Unsere Tracht

 


 

Frauentracht

Schuhwerk: schwarze Damentrachtenschuhe
Strümpfe: einfache weisse Strumpfhosen
s` Gschnöia: (Geschnür) Zum Verschnüren des Leibchens dient eine silberne Gliederkette.
Kittel: (Rock) wird reichlich bis in Höhe der halben Waden getragen. Die Farben sind dunkelweinrot oder dunkelblau. Der Rockkranz innen wird mit bunten Bauernbändern verziert. In Asch trägt man ihn knöchellang als Faltenrock braun, blau, rot oder violett.
s` Vürta: (Schürze): Die Schürze ist aus buntem, geblumten Brokat, an der hinteren Bundmitte mit Schleife gebunden. Die Ascher Schürze ist gestreift, fünf cm kürzer als der Rock und mit Haftln geschlossen.
Hemmat: Bei der erneuerten Tracht ist es aus gutem Leinen. Für die Hals- und Ärmelkrausen werden Stickereispitzen verwendet.
Mieder: Bei der Unterländer und Karlsbader Tracht ist es vorn und hinten mit feiner Leinenstickerei versehen, bei der Unterländer ist es mit Borten benäht und mit weißer Seide abgesteppt. Der Rücken zeigt eine schöne Stickerei, die den Lebensbaum darstellt. Das Mieder der Ascher Tracht hat einen tiefen Aussschnitt, der mit Samtbändern eingefaßt ist. Als Kälteschutz wird in Asch das "Gawerl" (Jacke) getragen.
G`häng: Das Halsgehänge zählt mit zu den prächtigsten Schmuckstücken der Egerländerin.
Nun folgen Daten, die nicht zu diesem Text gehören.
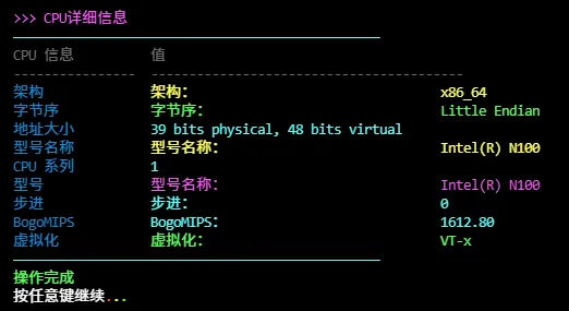echo -e "${gl_zi}>>> CPU详细信息${gl_bai}"
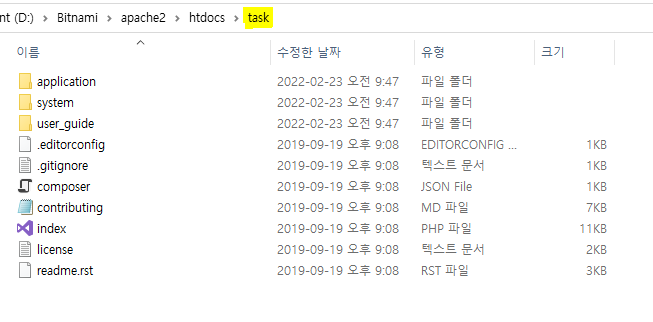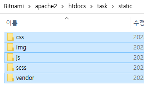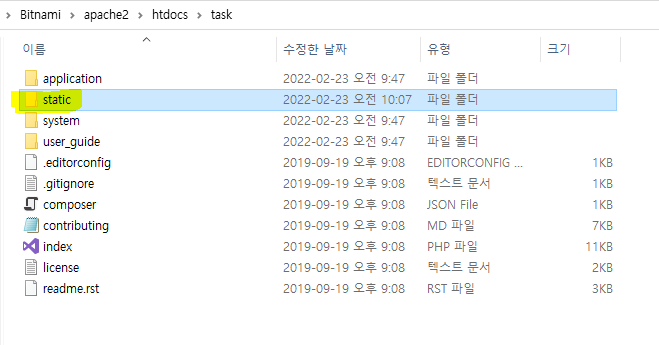 이 전에 Ci3로 생성한 task라는 웹 서버 경로(Bitnami\apache2\htdocs)에 static 폴더를 생성 한 후,
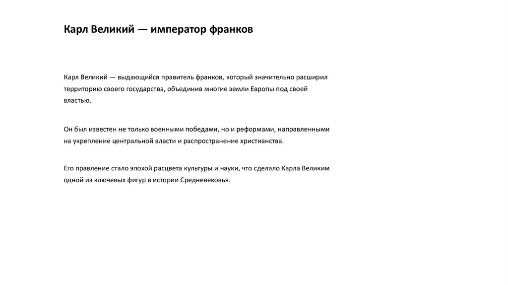 Карл Великий — император франковКарл Великий — выдающийся правитель франков, который значительно расширил
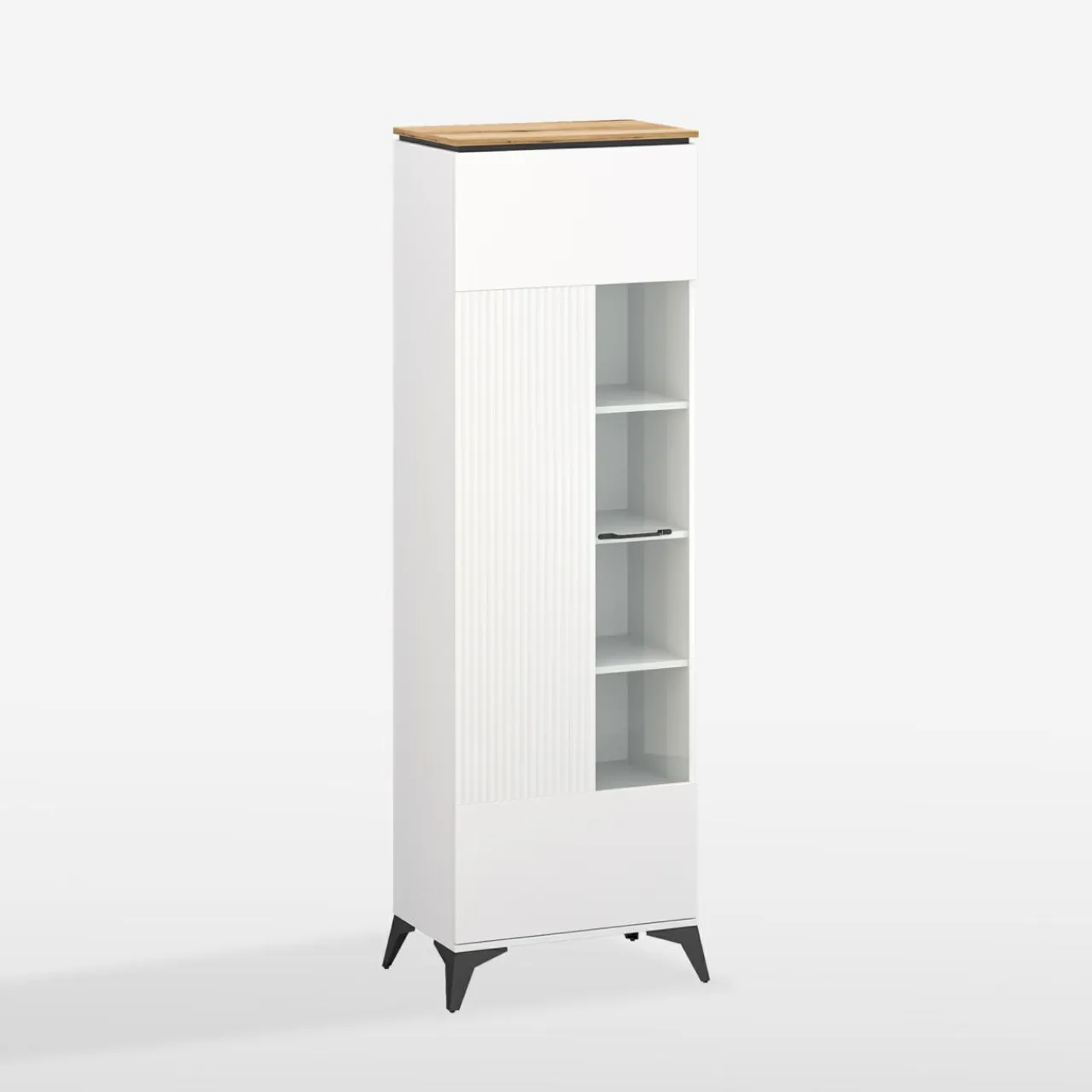 W witrynie VELUTTO pokażesz ulubione filiżanki, dekoracje i pamiątki. Ukryte za szklanym frontem będą bezpieczne przed kurzem i zabrudzeniami.

Dieser schöne Schmuck wurde einst im ganzen Egerland getragen.
D` Haubn: eine goldene oder silberne Haube war immer der Stolz der Egerländerin und zeugte, wie der Halsschmuckm von ihrer Wohlhabenheit. Die Ascher Haube ist dagegen eine Riegelhaube mit Stickereien an der Rückseite.
Zusatz: im Allgemeinen unterscheidet man die Karlsbader, die Egerer, die Unterländler und die Ascher Tracht. Die Karlsbader wird getrgen in Karlsbad, Falkenau und Luditz, die Ascher in Ascher Ländchen. Die Unterländer im südlichen Egerland.

Männertracht

Schuhwerk: schwarze Schnallenschuhe - leider nur schwer erhältlich
Stutzen: weise Batzerlstrümpfe
Hose: schwarze bis dunkelbraune Kniehose mit dem schwarzen "Gschirr" auf dem auffälligen Huasnoatouterer (sechseckiges verziertes Schmuckstück - meisst aus Messing) dessen Form auch als Schmuck für Broschen usw. von den Frauchentrachten übernommen wurde.
Hemd: weisses Hemd
Binder: Man trägt ein viereckiges, auf ein Dreieck zusammengelegtes Halstuch aus schwarzem Stoff (40x40 cm bis 60x60 cm), das mit den Enden so verknotet wird, dass die Spitze über den Knoten gezogen wird bis ca. zur Brustmitte
Rock: dunkel- oder rostbrauner Janker
Weste: braungelbe Weste, auch ein Schwenker oder Überrock in der kalten Jahreszeit
Kopfschmuck: grünes, goldbetreßtes Kapperl in Schifferlform oder der "Floderer" - ein flacher, schwarzer Hut mit Bänderschmuck und breiter Krempe - für Junggesellen mit rotem Umlaufband, dass man gleich sieht, der ist noch zu haben.
Zusatz: Die Männertracht ist ziemlich einheitlich gestaltet.